本申请公开了一种人脸区域的确定方法、存储介质、计算机设备。其中,该方法包括:接收定位请求,定位请求用于请求在目标图片中定位出人脸区域;通过卷积神经网络对目标图片进行人脸定位操作,得到定位结果,卷积神经网络用于调用图形处理器对目标图片进行卷积操作,人脸定位操作包括卷积操作;在定位结果用于表示目标图片中定位出存在人脸区域的情况下,返回定位结果。本申请解决了相关技术中进行人脸检测的实时性较差的技术问题。

Description

人脸区域的确定方法、存储介质、计算机设备
本申请要求于2017年4月11日提交中国专利局,申请号为2017102335906、发明名称“人脸区域的确定方法和装置”的中国专利申请的优先权,其全部内容通过引用结合在本申请中。
技术领域
本申请涉及图像处理领域,具体而言,涉及一种人脸区域的确定方法、存储介质、计算机设备。
背景技术
人脸识别,是基于人的脸部特征信息进行身份识别的一种生物识别技术。用摄像机或摄像头采集含有人脸的图像或视频流,并自动在图像中检测和跟踪人脸,进而对检测到的人脸进行脸部的一系列相关技术,通常也叫做人像识别、面部识别。

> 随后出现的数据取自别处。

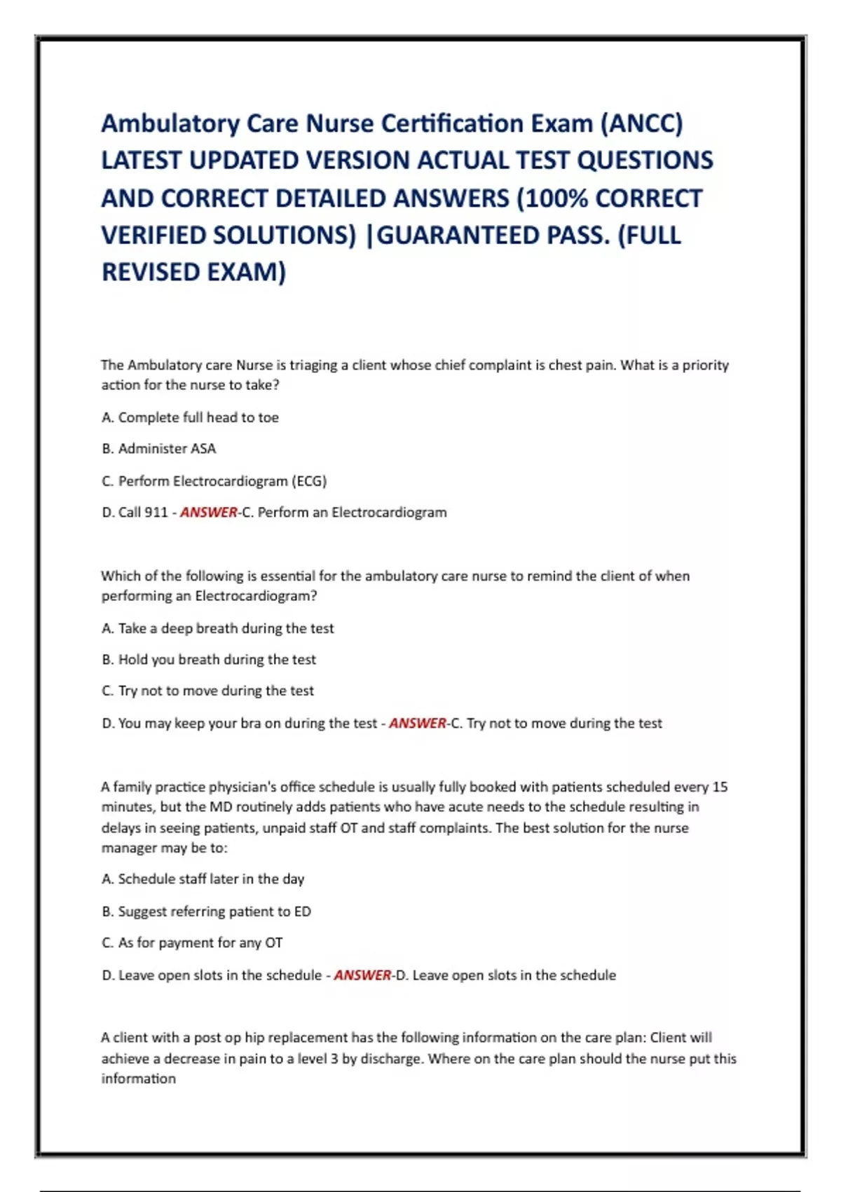 Ambulatory Care Nurse Certification Exam (ANCC) LATEST UPDATED VERSION ACTUAL TEST QUESTIONS AND CORRECT DETAILED ANSWERS (100% CORRECT VERIFIED SOLUTIONS) |GUARANTEED PASS. (FULL REVISED EXAM) Ambulatory Care Nurse Certification Exam (ANCC) LATEST UPDATED VERSION ACTUAL TEST QUESTIONS AND CORRECT DETAILED ANSWERS (100% CORRECT VERIFIED SOLUTIONS) |GUARANTEED PASS. (FULL REVISED EXAM)

人脸检测作为人脸识别、人脸关键点定位、人脸检索等应用的基础,一直以来受到广泛研究。人脸检测是从给定的一幅图像中,采用一定的方式判断图像中是否存在人脸,如果存在,则给出人脸的大小和位置,如图1所示,对左侧的图像进行检测,得到右侧图像,并标识出人脸区域(即虚线区域)。
虽然人类可以很容易的从一幅图像中找出人脸,但要计算机自动地检测出人脸仍然存在困难,其主要的难点来自于以下两个方面:人脸本身可以存在多种形式的细节变化,如不同的肤色、脸型、表情和人脸姿态带来的变化;图像中的人脸还会受到多种外部因素的影响,如光照、相机抖动、人脸上的装饰物带来的遮挡等。

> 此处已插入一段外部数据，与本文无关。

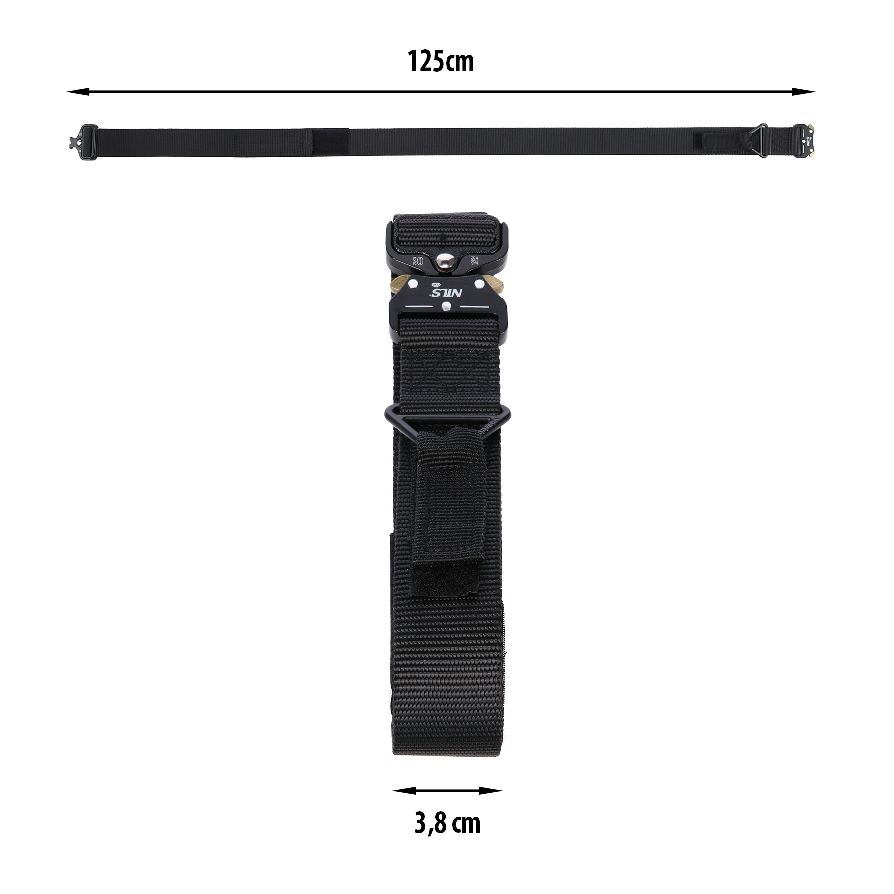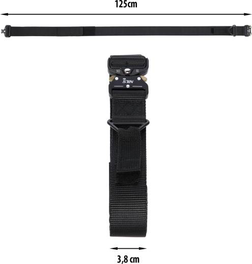 Univerzálny taktický opasok NILS Camp v čiernej farbe ponúka rýchloupínaciu kovovú pracku typu Cobra, odolný nylonový popruh a pevné šitie pre maximálnu spoľahlivosť. Vďaka nastaviteľnej dĺžke 125 cm a nízkej hmotnosti je ideálny na každodenné nosenie, outdoorové aktivity aj služobné využitie. Prídavné uchytenie na výstroj zabezpečuje, že máte potrebné vybavenie vždy po ruke.

在相关技术中,人脸检测方法多种多样,可以分为基于特征的检测方 法和基于统计模型的检测方法。基于特征的人脸检测方法主要是基于一些经验规则和人工构造的特征进行人脸检测,例如基于一些面部器官结构和纹理特征的检测方法;基于统计模型的检测方法虽然也需要在样本上先提取特征,但与基于特征的检测方法不同的是,基于统计模型的人脸检测不是纯粹的基于一些设定规则,而是采用大量的样本来训练检测器模型,常见的有基于支持向量机SVM(全称为Support Vector Machine)的人脸检测算法,基于Adaboost的人脸检测算法等。
评估人脸检测方法(也称为检测器)的常用指标主要有以下几种:(1)检测率,即在给定的图像集合中,被正确检测到的人脸数与图像中总的人脸数之间的比值;(2)错误检测数,即被当做人脸区域检测出来的,实际为非人脸区域的数量,理想的人脸检测器应该具有100%的检测率和0个错误检测数;(3)检测速度,从开始检测到正确定位出人脸区域所需要消耗的时间,目前很多应用中对检测速度有较高的要求,如直播美颜、人脸跟踪都需要实时地检测人脸,在检测率高,误检数低的情况下,检测速度自然越快越能提高用户的体验;(4)鲁棒性,用于表示在各种条件下,人脸检测器对环境的适应能力,检测器鲁棒性越高,在光照、人脸姿态、表情等变化以及人脸出现遮挡等情况下能准确地检测出人脸的概率越大。
为了克服上述提及的问题,实现对人脸区域的准确检测,利用相关技术中基于特征的检测方法时,由于需要使用经验规则和人工构造的特征,容易受到使用者主观因素的影响,无法保证人脸识别的检测率和鲁棒性;若利用相关技术中的基于统计模型的检测方法,目前常用的模型为了保证识别的准确度,往往设置的层数较多,会导致模型比较大,基本上这些模型均超过15MB,虽然层数较多会保证识别的准确率,但是层数的增加会带来人脸检测速度降低(在主流PC上大于300ms)的缺陷,无法满足实时性的要求。
针对相关技术中进行人脸检测的实时性较差的技术问题,目前尚未提出有效的解决方案。
发明内容
本申请实施例提供了一种人脸区域的确定方法、存储介质、计算机设备,以至少解决相关技术中进行人脸检测的实时性较差的技术问题。
根据本申请实施例的一个方面,提供了一种人脸区域的确定方法,该人脸区域的确定方法包括:接收定位请求,其中,定位请求用于请求在目标图片中定位出人脸区域;通过卷积神经网络对目标图片进行人脸定位操作,得到定位结果,其中,卷积神经网络用于调用图形处理器对目标图片进行卷积操作,人脸定位操作包括卷积操作;在定位结果用于表示目标图片中定位出存在人脸区域的情况下,返回定位结果。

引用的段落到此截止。